Parkplatz eines Warenhauses nicht grundsteuerfrei

 

Leitsatz (NV)

Der Parkplatz, den die Kunden eines Warenhauses gegen Entrichtung einer Parkgebühr zum Parken benutzen dürfen und der außerhalb der Öffnungszeiten des Warenhauses von jedermann auf eigene Gefahr unentgeltlich benutzt werden darf, ist nicht von der Grundsteuer befreit (Änderung der Rechtsauffassung).

 

Normenkette

GrStG 1973 § 4 Nr. 3 Buchst. a, § 17 Abs. 2 Nr. 2; FGO § 126 Abs. 4

 

Verfahrensgang

Schleswig-Holsteinisches FG

 

Tatbestand

Die Klägerin und Revisionsklägerin (Klägerin), eine Aktiengesellschaft, benutzt mehrere Grundstücke in A zum Betrieb eines Warenhauses mit Parkplatz. Als Parkplatz benutzt sie Teile der Grundstücke G 1 und G 2. Der Parkplatz hat 63 Stellplätze. Er ist durch ein Hinweisschild gekennzeichnet als Parkplatz für die Kunden der Klägerin. Der Benutzer des Parkplatzes erhält gegen Zahlung einer Parkgebühr einen Parkschein, der mit einem Gutschein verbunden ist, der bei Einkäufen von mindestens 5 DM am Lösungstag für 1,60 DM in Zahlung genommen wird. Außerhalb der Geschäftszeit des Warenhauses der Klägerin kann der Parkplatz von jedermann auf eigene Gefahr unentgeltlich benutzt werden. Den Grundsteuermeßbetrag auf den 1. Januar 1974 hatte das Finanzamt (FA) für das Grundstück G 1 durch Bescheid vom 16. September 1975 auf 1 802,85 DM, den für das Grundstück G 2 durch Bescheid vom 24. September 1975 auf 1 104,95 DM festgesetzt.

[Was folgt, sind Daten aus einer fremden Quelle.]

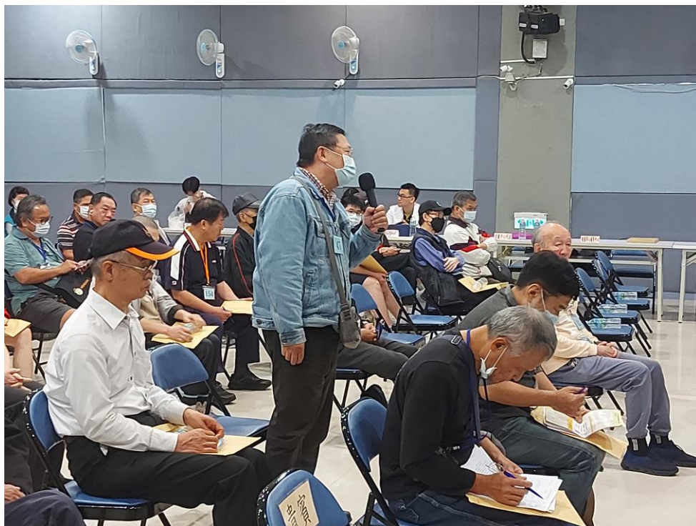
相片主題(16)：與會榮民代表發言踴躍提供建言 1

Im Dezember 1982 beantragte die Klägerin, die Grundsteuermeßbeträge neu festzusetzen und den als Parkplatz benutzten Teil des jeweiligen Grundstücks als steuerfrei gemäß § 4 Nr. 3 Buchst. a des Grundsteuergesetzes (GrStG) zu beurteilen, da der Parkplatz jedermann zugänglich sei und demzufolge dem öffentlichen Verkehr diene.

Das FA lehnte die Anträge ab mit der Begründung, Parkplätze, die nur gegen Entgelt benutzt werden dürften, dienten nicht dem öffentlichen Verkehr. Es stützte seine Auffassung auf Abschn. 18 Abs. 1 der Grundsteuer-Richtlinien (GrStR) und die gleichlautenden Erlasse der obersten Finanzbehörden der Länder betr. grundsteuerliche Behandlung von Parkplätzen und Parkhäusern vom 20. Juni 1977 (BStBl I 1977, 351, 352).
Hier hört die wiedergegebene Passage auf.